→ TASK DESCRIPTION
Transcribe every line below exactly; no image goes into the output.

→ EXERCISE DATA
- - - -
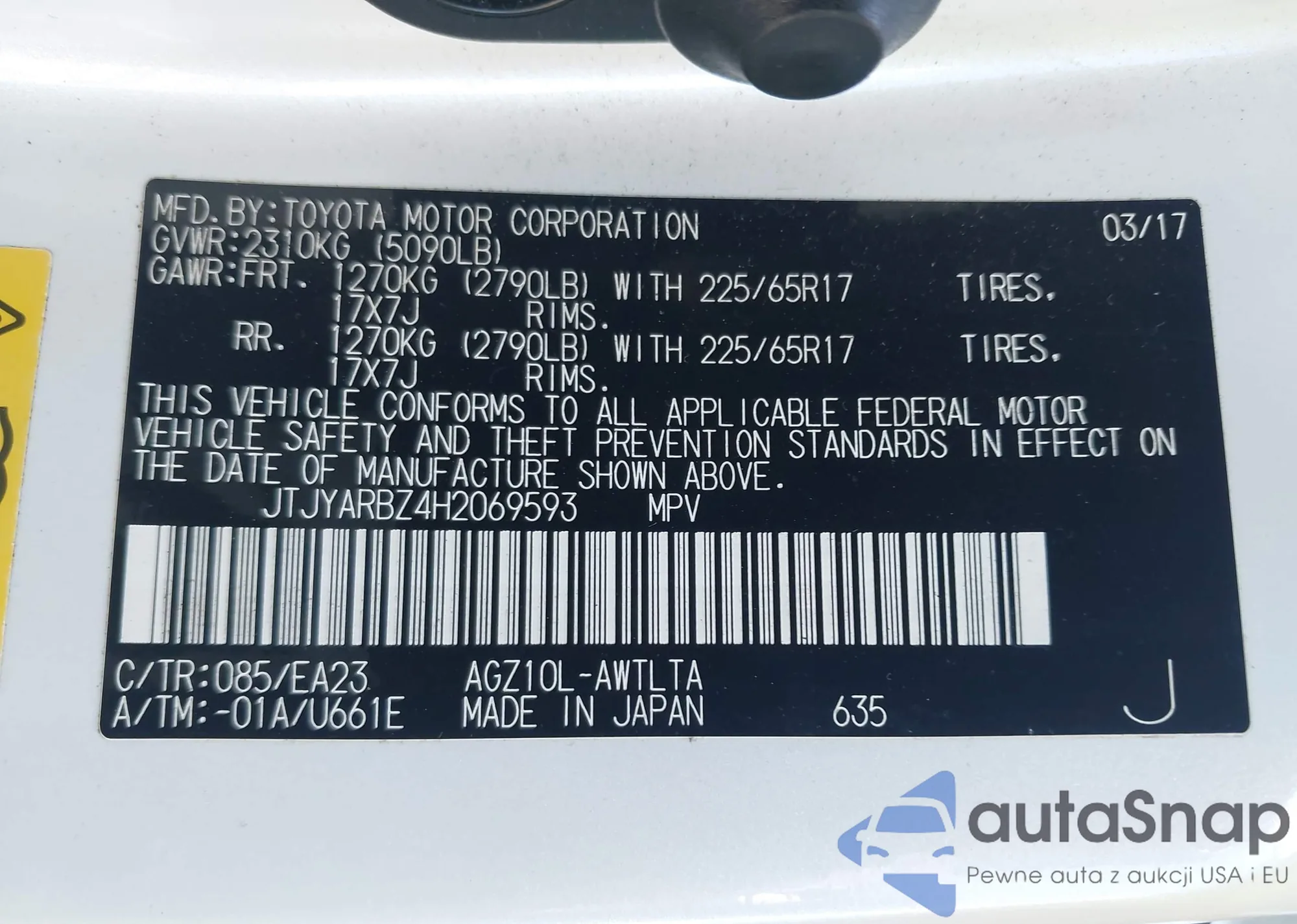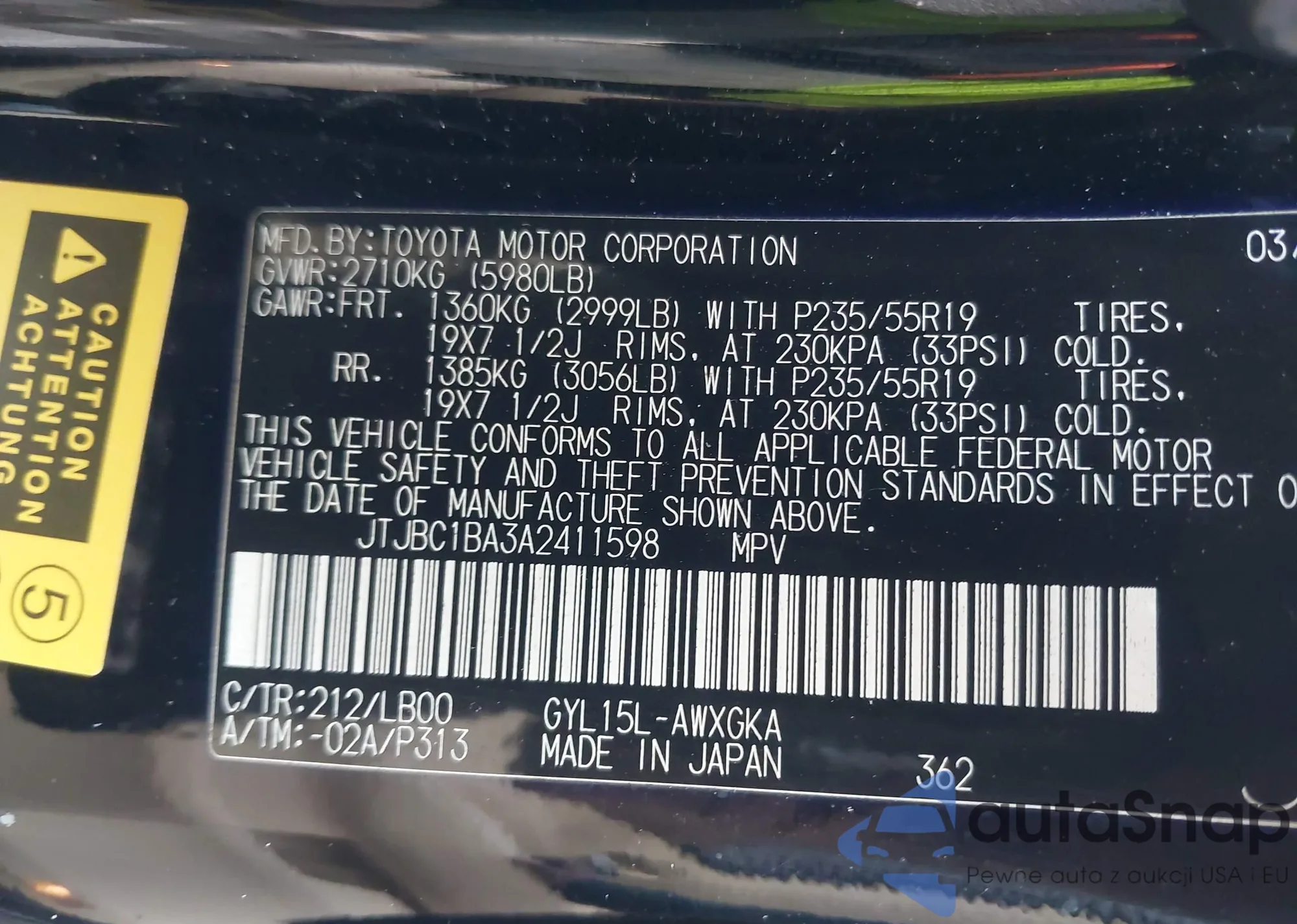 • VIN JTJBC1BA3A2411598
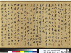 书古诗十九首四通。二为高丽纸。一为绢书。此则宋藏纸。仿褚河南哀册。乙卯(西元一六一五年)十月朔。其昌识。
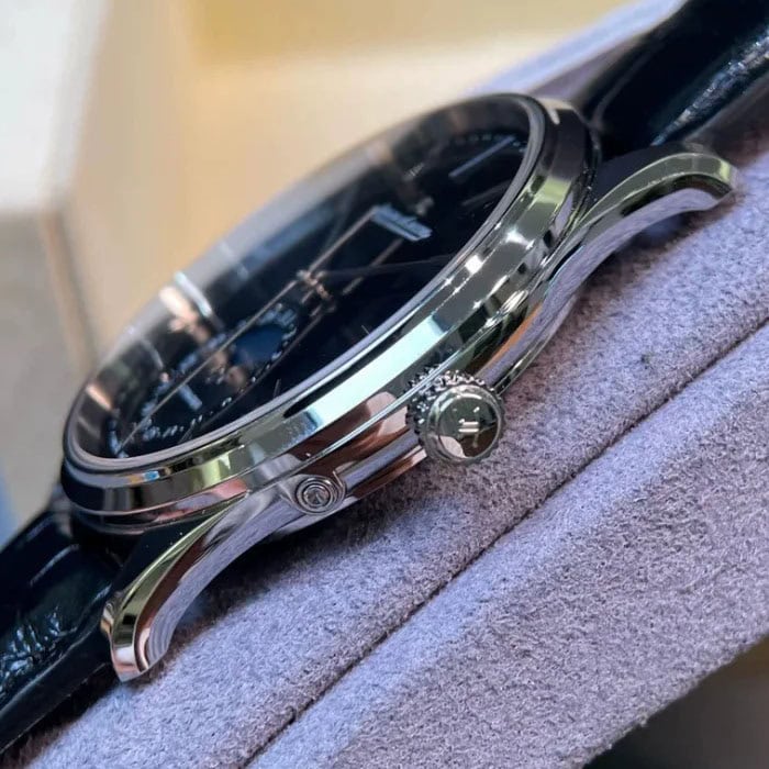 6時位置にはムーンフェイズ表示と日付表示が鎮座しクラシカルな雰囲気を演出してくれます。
- - - -
→ RESULT OF THE EXERCISE
 • VIN JTJBC1BA3A2411598
 书古诗十九首四通。二为高丽纸。一为绢书。此则宋藏纸。仿褚河南哀册。乙卯(西元一六一五年)十月朔。其昌识。
 6時位置にはムーンフェイズ表示と日付表示が鎮座しクラシカルな雰囲気を演出してくれます。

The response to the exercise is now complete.